I grew up in a fairly remote spot on the Muskoka River, in a small town about 250km North of Toronto. Living in a rural place where both parents had full time jobs, my brother and I had a lot of freedom as kids.
Our time after school was spent exploring the forest, mountain biking, or building jumps and hitting them on snowboards and GTs. We would sometimes document these adventures on our Hi8 camcorder or take photos with 35mm cameras. I think this is where I first got really into making videos, which is what I originally wanted to do for my career.
So much of my exposure to photography .. was just trial and error
I learned a lot of my technical photography knowledge in high school. Even though we were a small town, we were lucky to have two levels of photography (at that time it was black and white 35mm). We were given a lot of freedom for our projects, to just go out and take photos, and then develop them in the darkroom by ourselves. We would go to the local skatepark, learn some new tricks, and then take photos of us landing them. So much of my exposure to photography at that time was just trial and error; figuring out what worked best for me.
Probably because of where I grew up, I’ve always had an obsession with the water, whether it’s being in it, around it, or on it. One thing I dreamed of my entire teen life was being able to go surfing (which you definitely can’t do in Northern Ontario, Canada). My bedroom walls were filled with surf posters, and a mural of Waikiki beach in Hawaii (which I painted myself).
My formal design training really helps and influences my photography work.
When I eventually didn’t get into film school, I discovered a whole new creative field I’d never considered: graphic design. During my summers back home in Muskoka, I started doing graphic design and photography for a local marina. I actually got a lot of really good experience over those summers — I’m now a certified boat ad expert.
While we’d only ever studied photography briefly during my time in the graphic design program, I find that my formal design training really helps and influences my photography work: using minimal color palettes, minimal compositions, and paying close to attention to art direction. With both, you’re telling a visual story — the only thing that changes is how you execute it.
My first job after graduation taught me that I absolutely hate air conditioning, fluorescent lighting and concrete offices. I knew very quickly that corporate life was not for me, so after about 3 months I quit.
My first job after graduation taught me that I absolutely hate air conditioning, fluorescent lighting and concrete offices.

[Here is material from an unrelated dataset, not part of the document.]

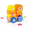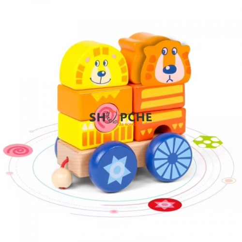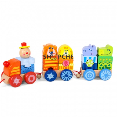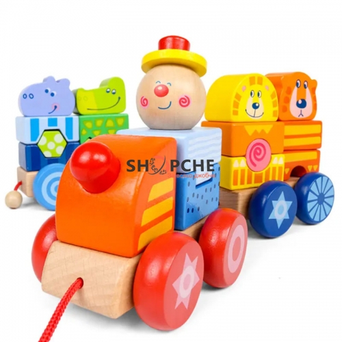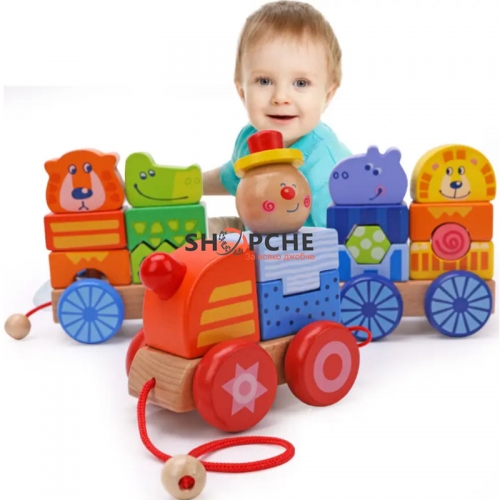 Включва три вагона с цветни фигури, които образуват локомотив.

I happened to quit in November 2008, nearly the same week of the economic crash. People said I was crazy and that I wouldn’t be able to get a job again. My rent at the time was only $450, so my plan was just to pull that much in freelance work in order to get by.
A couple months into freelancing, I joined forces with my former business partner (a software engineer) David to form Pilot Interactive, which became a small design and development agency. I primarily did design work but would often shoot photography for clients so they had some original content for their websites.
I’ve always wanted to live in another city other than Toronto, so after running Pilot for 6 years, I decided to move to San Francisco to finally realize my teen surf dreams. I also started my business Good Day Hairshop that year. Since moving to the states, I’ve been able to focus on our setting up and running our ecommerce shop for our product line, while our shop manager Matt runs the Toronto storefront. We wanted to build up our American customer base, and being located here has been great for that. I go back every few months and help out when I can! I do wish I could be there more though, but I’m confident about my team and all of our talents across the board.
I could sit and watch this scene for hours.
I think it was moving to a new country with an entirely different landscape is what got me back into photography. Because I had more stable hours, as opposed to freelancing or running an agency, I had a lot more time to rediscover my “off time” and what I wanted to fill it with.
Since moving here, I’ve also started meeting up with strangers (models and photographers) from Instagram to shoot creative work. When you move to a new city with no friends, you’re more open to that kind of stuff — never discredit the power of the internet and the kindness of strangers.
I can still remember the first surf photo I took a couple years ago. I had hiked up to this spot above a really big break down in Pacifica and it was mind blowing how there were still surfers out in such powerful waves. It was nothing like the safe, sometimes-sleepy lake I left back in Muskoka, but I knew I’d ridden out my own fair share of waves to get that photo, too.
I could sit and watch this scene for hours.